On Thursday, Obama met behind closed doors at the White House with tech company executives and privacy groups to discuss his administration's system of surveillance. The context was radically different from the last conversation he participated in on the subject, his chat with Jay Leno on The Tonight Show. But both conversations reinforce the ongoing problem with that surveillance: informed, public debate on the subject appears to be impossible.
The Thursday meeting was the administration's second this week. Politico reported on its attendees: Tim Cook of Apple, Randall Stephenson of AT&T, Vint Cerf of both Google and internet history fame, and groups including Center for Democracy and Technology, which has advocated for more openness on surveillance issues. The meeting was off-the-record, and no attendees spoke with Politico about what was said.

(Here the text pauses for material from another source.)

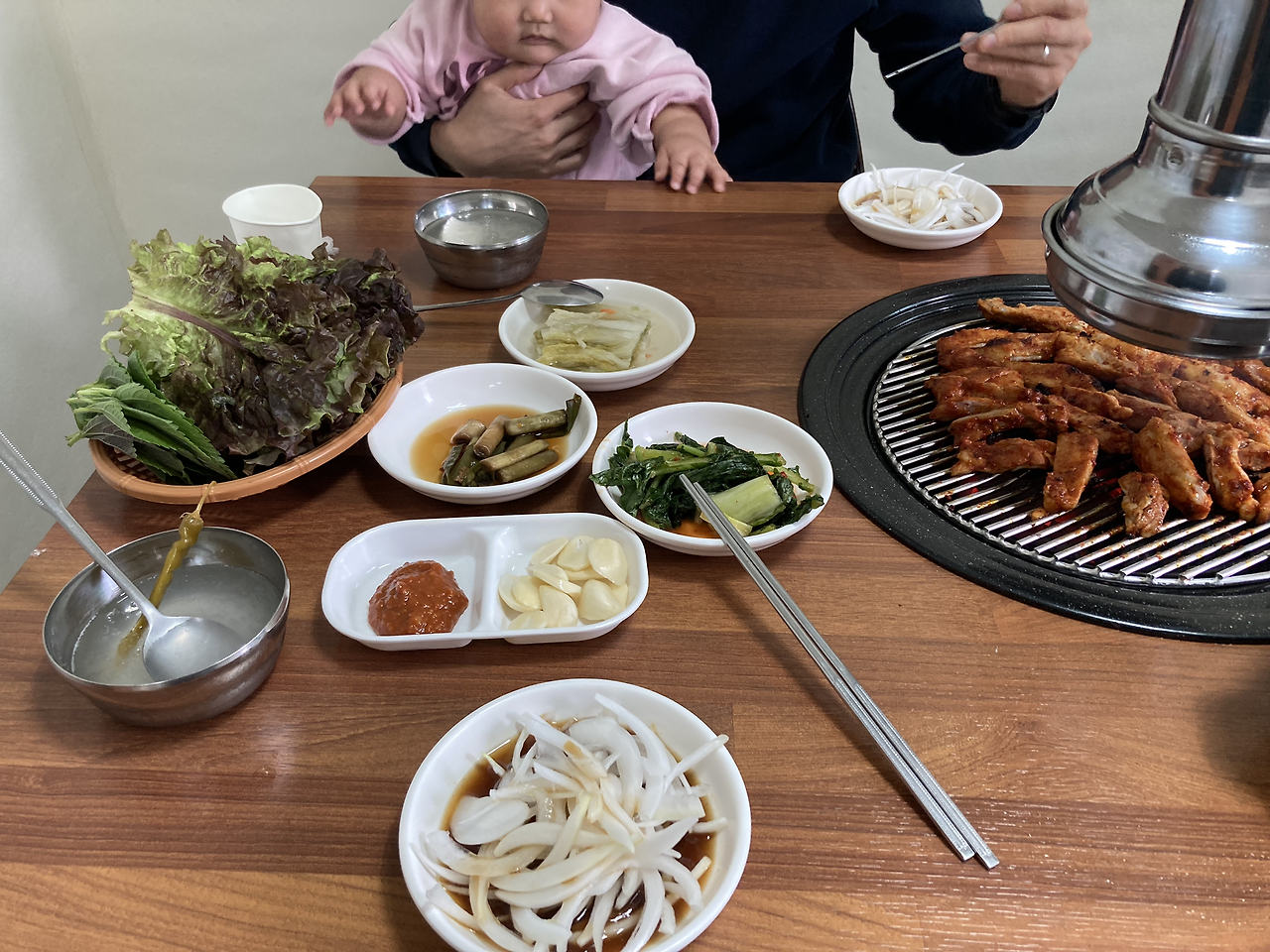 내 점심 : 닭갈비, 된장찌개, 쌈채소, 밥

It was the second-such meeting this week, following one on Tuesday with a similar assortment of organizations, as reported by The Hill. In attendance at that one were representatives from much of the rest of the PRISM phalanx — Facebook, Yahoo, Microsoft — and from advocacy groups like the Electronic Privacy Information Center and the New America Foundation. Obama didn't attend the Tuesday meeting, but its guidelines were similar: no talking about it.
That stipulation for Thursday's meeting elicited a perhaps-predictable critique, as exemplified by The Guardian's Glenn Greenwald.
Obama did have a public conversation about the issues earlier this week, however — in that Leno appearance. And what did we get? Responses that were vague or misleading.
Which was also predictable, and not only because Obama has a vested interest in holding the conversation on his own terms. The vast, vast majority of those watching Leno have not been paying close attention to the NSA surveillance developments. They have probably heard of PRISM; they have probably not heard of XKeyscore. Obama's assurances that he meant to defend the nation and their personal privacy was superficial in part because there was not much depth he could explore.
Nor could Leno — or, if the White House meetings had been public, the privacy groups — have effectively challenged Obama on his answers. The president holds two distinct advantages in that debate: he necessarily knows more about what's going on, and there is an obvious power imbalance. Jay Leno is not a journalist. He's an entertainer. He's not interested in pressing Obama on detailed privacy issues. The privacy groups might want to be more forceful — and may well have been! — but doing so in front of cameras to an angry president is a significant demand for the head of a small non-profit.
(We'll note that the meetings almost certainly weren't only discussions about privacy. One likely additional topic for the tech companies present: the economic toll of compliance with the NSA's demands.)
At 3 p.m. this afternoon, the president will hold his first press conference since April 30. At it, the power balance is lessened. These are journalists used to confronting authority figures (in most cases), used to batting away contentious responses. And its where Obama will be bolstered or hampered by the second advantage above: there's some stuff he can't talk about. That can be a crutch — he can use it, for example, to defer questions about the programs' efficacy — but it can also be a liability. The president defers to his national security staff for their assessments of what should and shouldn't be public. Even challenging them to be more forthright (however sincerely) hasn't resulted in many new releases of information. The only recently declassified documents, those released by the director of national intelligence last week, we mostly released to embarrass Congress after the House nearly voted to defund phone metadata collection.
An open, public, informed conversation on surveillance has been the president's stated goal since shortly after the Edward Snowden leaks began. How authentic that desire is isn't clear. But how possible it is isn't either.